On a 32-bit x86 platform the largest atomic sized piece of memory is 32-bits.
This means that if something writes to or reads from a 64-bit sized variable it's possible for that read/write to get pre-empted during execution.
That's just one possible race condition with 64-bit assignment on a 32 bit platform.
However, even with 32 bit variable there can be race conditions with reading and writing therefor any shared variable should be synchronized in some way to solve these race conditions.

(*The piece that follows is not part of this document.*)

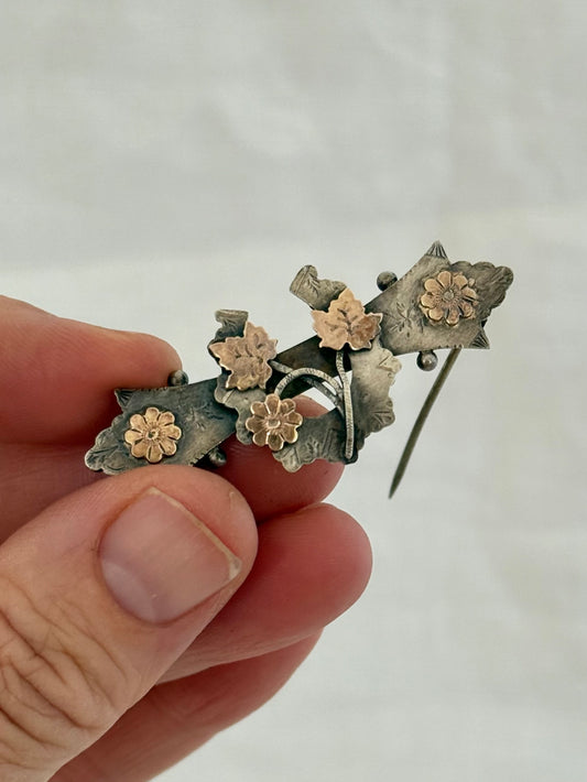 .1901 .925 antique rose gold and fine hallmark silver sweetheart token horseshoe and floral keepsake token brooch

Even if the writes were atomic, chances are you would still need to take out a lock whenever you accessed the variable. If you didn't do that, you'd at least have to make the variable volatile
to make sure that all threads saw the new value the next time they read the variable (which is almost always what you want). That lets you do atomic, volatile sets - but as soon as you want to do anything more interesting, such as adding 5 to it, you'd be back to locking.
Lock free programming is very, very hard to get right. You need to know exactly what you're doing, and keep the complexity to as small a piece of code as possible. Personally, I rarely even try to attempt it other than for very well known patterns such as using a static initializer to initialize a collection and then reading from the collection without locking.
Using the Interlocked class can help in some situations, but it's almost always a lot easier to just take out a lock. Uncontested locks are "pretty cheap" (admittedly they get expensive with more cores, but so does everything) - don't mess around with lock-free code until you've got good evidence that it's actually going to make a significant difference.
This is not about every variable you encounter. If some variable is used as a shared state or something (including, but not limited to some static
fields), you should take care of this issue. It's completely non-issue for local variables that are not hoisted as a consequence of being closed over in a closure or an iterator transformation and are used by a single function (and thus, a single thread) at a time.